Post-anoxic leukoencephalopathy is a rare event that causes global demyelination secondary to anoxic injury. Given the nature and extent of the damage, cognitive and functional deficits are typically chronic even after standard therapies. Here, we describe a novel treatment approach that used high definition transcranial direct-current stimulation (HD-tDCS) with a 62-year-old male who was 5 years post-anoxic leukoencephalopathy secondary to an accidental drug overdose.

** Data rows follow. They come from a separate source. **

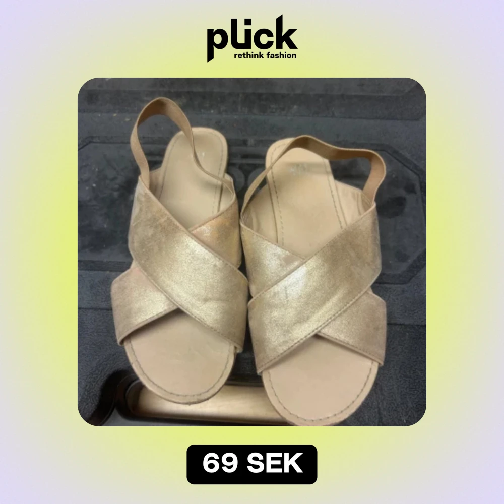Gulliga sandaler som har används tidigare men har tvättat dom dom är beige och guldiga
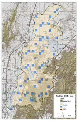 ![]() Satellite picture of the burn scar of the Milford Flat Fire taken on July 17, 2007 | |
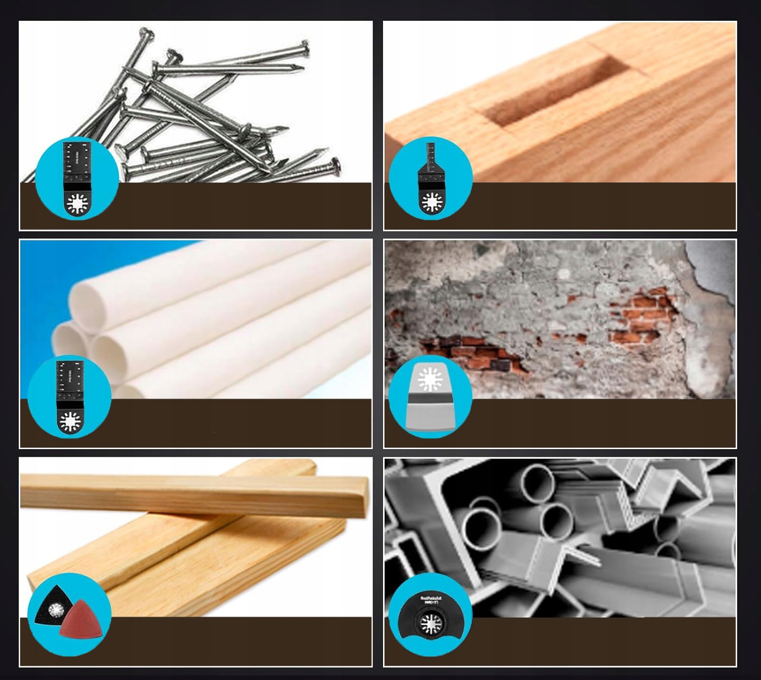 📦 у встановленій 1 дисконій пилці, 3 прямокутних лопатках, 1 трикутній шліфувальній пластині, 2 скребці та трьох різних типів наждачного паперу для задоволення різних потреб.

HD-tDCS was administered over the left lateral prefrontal cortex across 29 daily sessions at 2 mA (20 min/session) in order to address dysexecutive behaviors. Results demonstrated improved delayed memory and trends for improved visuospatial and semantic fluency performance as well as improved insight and daily functioning, all of which returned to baseline by the end of a 10 week no-contact follow up period. Resting state fMRI connectivity results mirrored these changes by showing increased dorsal attention and cingulo-opercular but reduced ventral attention network connectivity after session 29, all of which returned to baseline at follow-up. These findings suggest HD-tDCS may benefit functioning even following serious and pervasive anoxic injury. Findings also suggest the need for continued HD-tDCS for maintenance purposes, though future work is needed to identify optimal dose-response information.

Acknowledgements

This work was supported by the NIH/NIA via R01AG058724 (to BMH), the Michigan Alzheimer’s Disease Research Center (MADRC) (P30AG053760), and an MADRC pilot grant (to BMH). The authors would like to thank Sean Ma, Ph.D., Oliver Calhoun, B.A., and Alina Lesnovskaya, B.A., for their assistance with this case.

Disclosure statement

No potential conflict of interest was reported by the author(s).

Additional information

Funding

This work was supported by the NIH/NIA via R01 AG058724 (to BMH), the Michigan Alzheimer’s Disease Research Center (MADRC) (P30 AG053760), and an MADRC pilot grant (to BMH). The authors would like to thank Sean Ma, Ph.D., Oliver Calhoun, B.A., and Alina Lesnovskaya, B.A., for their assistance with this case; National Institute on Aging.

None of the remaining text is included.